The Artist’s Rule is a twelve week “course” in healing, creative expression that builds on the wisdom and insights culled from monastic practices, and from the Rule of St. Benedict, which is fundamentally a guide to marking the passage of time — making it sacred, in prayer — and practicing holy mindfulness of the Presence of God (and therefore of Good) in the everyday. While I am not putting Paintner’s book on the same level as our Holy Father Benedict, it is very fair to say that her “Rule” gives a helpful assist.

I have written elsewhere about my difficulty with the Benedictine practice of Hospitality

Hospitality is a substantial part of being a Benedictine, and it is a confusing thing, for me. Once I get the people into my house, I like to serve them good food and wine; I like to laugh with them and share memories, and surprise them with little gifts. Sometimes I’m even sad to see them leave. But until the moment they’ve crossed that threshold, I am negative about the whole endeavor.

And this, I suppose, is the deeper, more hidden reason I am a Benedictine: because the God Who Knows what we need to work on supplies the therapeutic mechanism, in one way or another.
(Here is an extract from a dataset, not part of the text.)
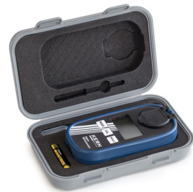
Transport and storage case

Conscious of this struggle, after reading the introduction and first chapter, I turned quickly to “Week Seven” and Paintner’s thoughts on Hospitality, which is deeply connected to the Benedictine disciplines of Conversion and Stability. There, I encountered a notion I’d suspected for a while — that difficulty in welcoming others as Christ is rooted in one’s difficulty in welcoming the Christ within oneself — but in Paintner’s gentle voice, this didn’t seem nearly as harsh as it has seemed in my own.

Paintner recognizes, and wants the reader to recognize, that our inner selves, our passions, fears, miseries and imaginings all exist and run amok as part and parcel of God’s gift. To make them welcome within us, and give them expression, is to greet them in Christ, accepting the whole imperfect self as a work-in-progress — both Christ’s progress and our own.

Not all are called to the arts, and I admit, Paintner’s encouragement to pick up paper, pastels or crayons and venture forth with the courage to create “bad art” left me remarkably unswayed; I have no gift in that area — why do you think I am so fond of wavy lines? Because I can’t draw a straight one! — and even with permission to produce “bad” art, I was happier to accept her invitation to try my hand at bad, if mindful, haiku and poetry.

Putting something in to the effort, I was rewarded with something better than I had any right to anticipate — a poem I can’t share (because it’s personal) but rather like, and Jesus and I have giggled over it in a very satisfying way.

Invest some time in The Artist’s Rule. The return will be worth it!